There are no restrictions, promises, warranties or undertakings,
other than those set forth or referred to herein and therein.
This Agreement, the Standby Equity Distribution Agreement, the
Escrow Agreement, and the Placement Agent Agreement supersede all
prior agreements and understandings among the parties hereto with
respect to the subject matter hereof and thereof.
f. This Agreement shall inure to the benefit of and
be binding upon the permitted successors and assigns of each of
the parties hereto.
g. The headings in this Agreement are for convenience
of reference only and shall not limit or otherwise affect the
meaning hereof.
h. This Agreement may be executed in identical
counterparts, each of which shall be deemed an original but all
of which shall constitute one and the same agreement. This
Agreement, once executed by a party, may be delivered to the
other party hereto by facsimile transmission of a copy of this
Agreement bearing the signature of the party so delivering this
Agreement.
i. Each party shall do and perform, or cause to be
done and performed, all such further acts and things, and shall
execute and deliver all such other agreements, certificates,
instruments and documents, as the other party may reasonably
request in order to carry out the intent and accomplish the
purposes of this Agreement and the consummation of the
transactions contemplated hereby.
j. The language used in this Agreement will be deemed
to be the language chosen by the parties to express their mutual
intent and no rules of strict construction will be applied
against any party.
k. This Agreement is intended for the benefit of the
parties hereto and their respective permitted successors and
assigns, and is not for the benefit of, nor may any provision
hereof be enforced by, any other Person.
[REMAINDER OF PAGE INTENTIONALLY LEFT BLANK]

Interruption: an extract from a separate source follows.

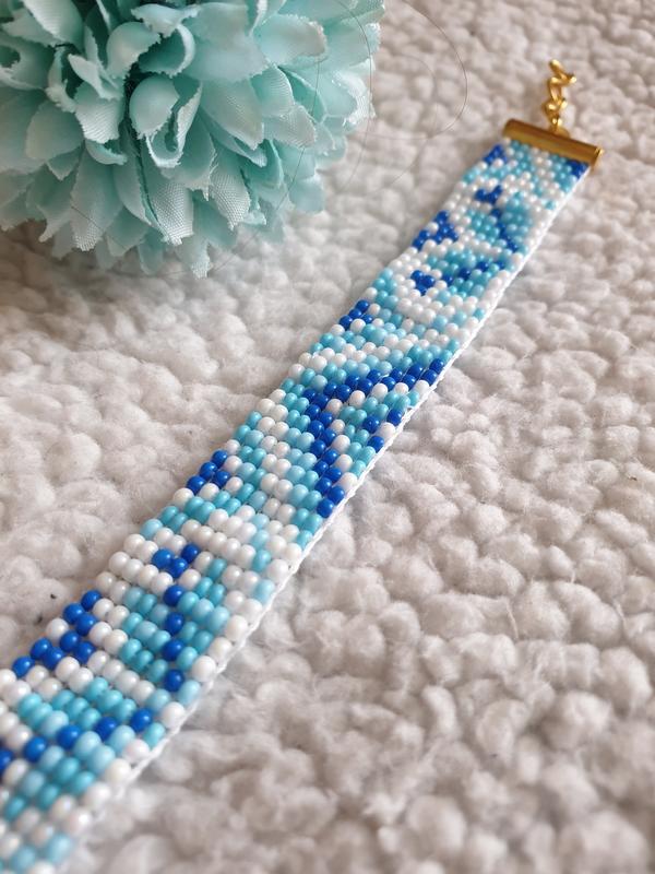 Браслет із бісеру 💙 . Блакитний ніжний орнамент підкреслить вашу індивідуальність . Ширина 1.8 см Довжина виробу 16 см, можна подовжити за рахунок застібки з ланцюжком . Вартість: 200 грн . Є доставка за кордон 20% від кожного виробу перераховую на підтримку ЗСУ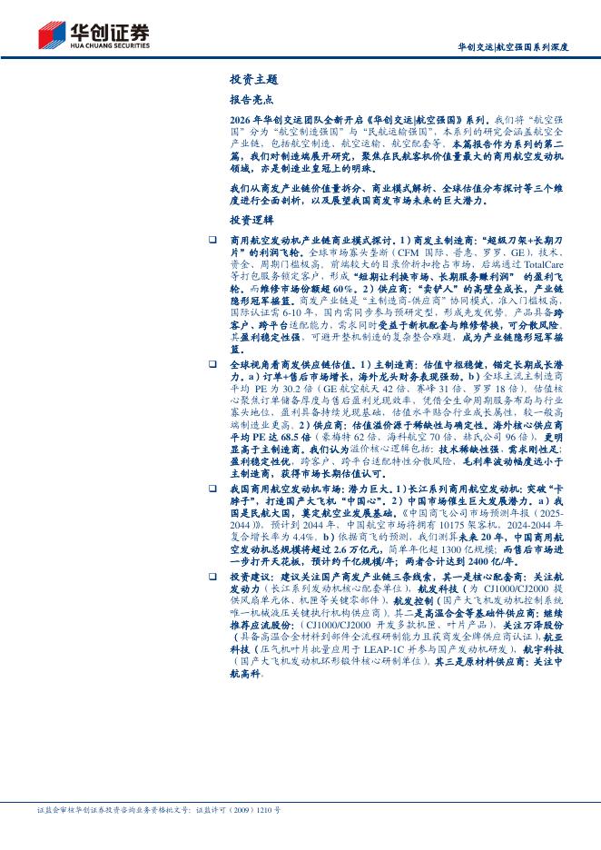 华创证券:华创交运航空强国系列研究(二):技术壁垒到估值高地,全球视角看商用航空发动机产业链.pdf

IN WITNESS WHEREOF, the parties have caused this
Registration Rights Agreement to be duly executed as of day and
year first above written.
COMPANY:
DCI USA, INC.
By: /s/ Xxxxx Xxxxxxxxxx
Name: Xxxxx Xxxxxxxxxx
Title: Chairman
INVESTOR:
CORNELL CAPITAL PARTNERS, LP
By: Yorkville Advisors, LLC
Its: General Partner
By: Xxxx Xxxxxx
Name: Xxxx Xxxxxx
Title: Portfolio Manager
EXHIBIT A
FORM OF NOTICE OF EFFECTIVENESS
OF REGISTRATION STATEMENT
INSERT
Attention:
Re: DCI USA, INC.
Ladies and Gentlemen:
We are counsel to DCI USA, Inc., a Delaware corporation (the
"Company"), and have represented the Company in connection with
that certain Standby Equity Distribution Agreement (the "Standby
Equity Distribution Agreement") entered into by and between the
Company and Cornell Capital Partners, LP (the "Investor")

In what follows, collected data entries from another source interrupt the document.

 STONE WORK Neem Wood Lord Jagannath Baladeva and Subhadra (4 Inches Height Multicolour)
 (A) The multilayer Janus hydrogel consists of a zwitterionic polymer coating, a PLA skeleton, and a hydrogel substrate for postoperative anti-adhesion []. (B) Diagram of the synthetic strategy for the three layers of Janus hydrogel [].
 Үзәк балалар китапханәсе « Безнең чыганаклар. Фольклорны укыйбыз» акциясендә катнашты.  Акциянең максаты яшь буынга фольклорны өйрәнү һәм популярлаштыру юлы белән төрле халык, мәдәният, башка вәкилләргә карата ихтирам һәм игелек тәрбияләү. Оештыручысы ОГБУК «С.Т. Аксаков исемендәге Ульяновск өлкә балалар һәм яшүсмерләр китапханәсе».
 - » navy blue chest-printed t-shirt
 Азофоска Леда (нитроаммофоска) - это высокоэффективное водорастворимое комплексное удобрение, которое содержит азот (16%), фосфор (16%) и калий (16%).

pursuant to which the Company issued to the Investor shares of
its Common Stock, par value $0.001 per share (the "Common
Stock"). Pursuant to the Standby Equity Distribution Agreement,
the Company also has entered into a Registration Rights Agreement
with the Investor (the "Registration Rights Agreement") pursuant
to which the Company agreed, among other things, to register the
Registrable Securities (as defined in the Registration Rights
Agreement) under the Securities Act of 1933, as amended (the
"1933 Act"). In connection with the Company's obligations under
the Registration Rights Agreement, on ____________ ____, the
Company filed a Registration Statement on Form ________ (File No.

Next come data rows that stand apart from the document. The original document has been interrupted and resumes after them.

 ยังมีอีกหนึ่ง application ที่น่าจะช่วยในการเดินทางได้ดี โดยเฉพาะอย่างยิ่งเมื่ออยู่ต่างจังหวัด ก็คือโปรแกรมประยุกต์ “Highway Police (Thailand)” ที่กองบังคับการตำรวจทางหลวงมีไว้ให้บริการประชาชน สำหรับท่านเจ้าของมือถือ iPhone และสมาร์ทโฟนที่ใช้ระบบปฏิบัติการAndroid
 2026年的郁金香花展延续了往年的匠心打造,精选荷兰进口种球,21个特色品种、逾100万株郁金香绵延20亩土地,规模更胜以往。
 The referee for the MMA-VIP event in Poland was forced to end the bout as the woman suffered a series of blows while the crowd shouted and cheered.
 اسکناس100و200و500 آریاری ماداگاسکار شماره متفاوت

___ -_____________) (the "Registration Statement") with the
Securities and Exchange Commission (the "SEC") relating to the
Registrable Securities which names the Investor as a selling
stockholder thereunder.
In connection with the foregoing, we advise you that a
member of the SEC's staff has advised us by telephone that the
SEC has entered an order declaring the Registration Statement
effective under the 1933 Act at [ENTER TIME OF EFFECTIVENESS] on
[ENTER DATE OF EFFECTIVENESS] and we have no knowledge, after
telephonic inquiry of a member of the SEC's staff, that any stop
order suspending its effectiveness has been issued or that any
proceedings for that purpose are pending before, or threatened
by, the SEC and the Registrable Securities are available for
resale under the 1933 Act pursuant to the Registration Statement.